TRY IT:
Every word in the data below belongs in your copy, exactly as given; the pictures do not.

COLLECTED MATERIAL:
---

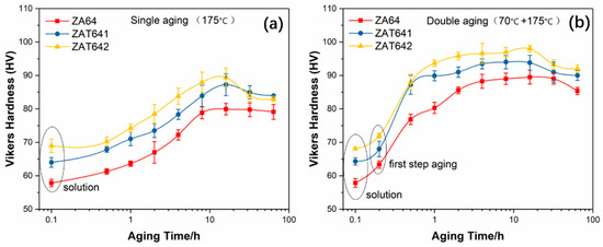 Aging-hardening curves of the Mg-6Zn-4Al-xSn alloys: (a) single aging, and (b) double aging.
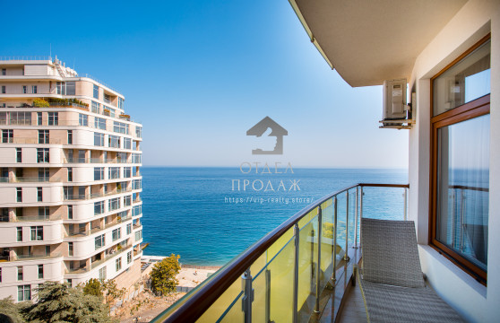 Загальна площа становить - 46.1 кв. м. Виконана дизайнерська обробка з використанням якісних матеріалів, витримана світла колірна гамма, ідеально поєднується з інтер'єром квартири. З відкритої тераси відкривається вид на море, гори і Ялтинську бухту.
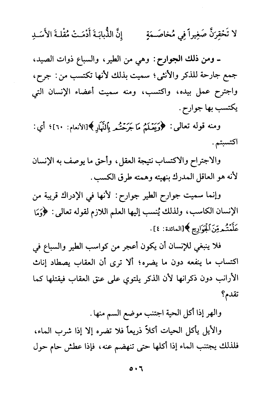 فلا ينبغي للإنسان أن يكون أعجر من كواسب الطير والسباع في اكتساب ما ينفعه دون ما يضره؛ ألا ترى أن العقاب يصطاد إناث الأرانب دون ذكرانها لأن الذكر يلتوي على عنق العقاب فيقتلها كما تقدم؟

---

ANSWER BOX:
 Aging-hardening curves of the Mg-6Zn-4Al-xSn alloys: (a) single aging, and (b) double aging.
 Загальна площа становить - 46.1 кв. м. Виконана дизайнерська обробка з використанням якісних матеріалів, витримана світла колірна гамма, ідеально поєднується з інтер'єром квартири. З відкритої тераси відкривається вид на море, гори і Ялтинську бухту.
 فلا ينبغي للإنسان أن يكون أعجر من كواسب الطير والسباع في اكتساب ما ينفعه دون ما يضره؛ ألا ترى أن العقاب يصطاد إناث الأرانب دون ذكرانها لأن الذكر يلتوي على عنق العقاب فيقتلها كما تقدم؟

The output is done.